Select your preferred input format: sensitivity and specificity (most common in diagnostic accuracy studies), direct likelihood ratios (LR+ and LR-), or a 2x2 contingency table with true positives, false positives, false negatives, and true negatives. The tool computes all derived values automatically.
Provide the diagnostic test accuracy values for your chosen mode. When using sensitivity/specificity, enter values as percentages. For 2x2 tables, enter the raw cell counts. The tool derives likelihood ratios and post-test probabilities from any input format.
The D3.js nomogram renders three vertical scales with connecting lines. The solid red line traces the path for a positive test result (through LR+), and the dashed blue line traces the path for a negative test result (through LR-). Read the post-test probabilities where the lines intersect the right scale.

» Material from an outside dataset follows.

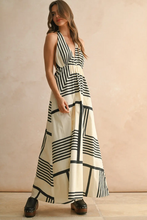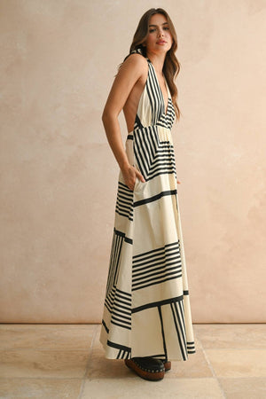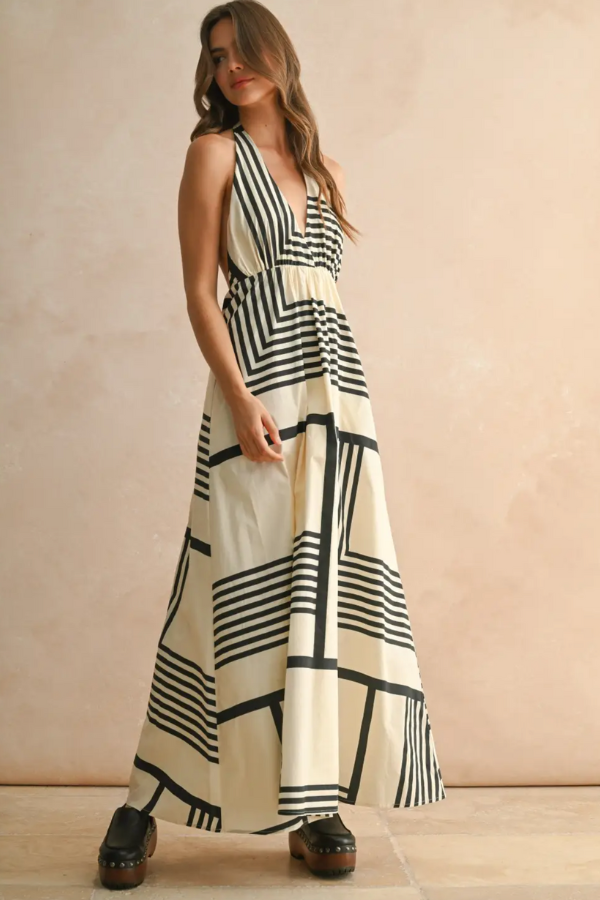 Turn heads in this Geo Print Halter Maxi Dress, featuring playful halter neck ties and a daring low back. Its bold geometric pattern adds a fun, modern twist, while the flowing maxi length keeps you comfortable and stylish for any sunny day or evening out. Perfect for making a statement with ease.

Examine the result cards below the nomogram. They display the pre-test probability, pre-test odds, positive and negative likelihood ratios, and the post-test probabilities for both positive and negative test outcomes, along with interpretation guidelines for likelihood ratio magnitudes.
Download the nomogram as a high-resolution PNG or PDF for journal submission. Copy the auto-generated methods paragraph, the R code for reproducing the analysis, or the numerical results as CSV. All exports include the complete set of input parameters and computed values.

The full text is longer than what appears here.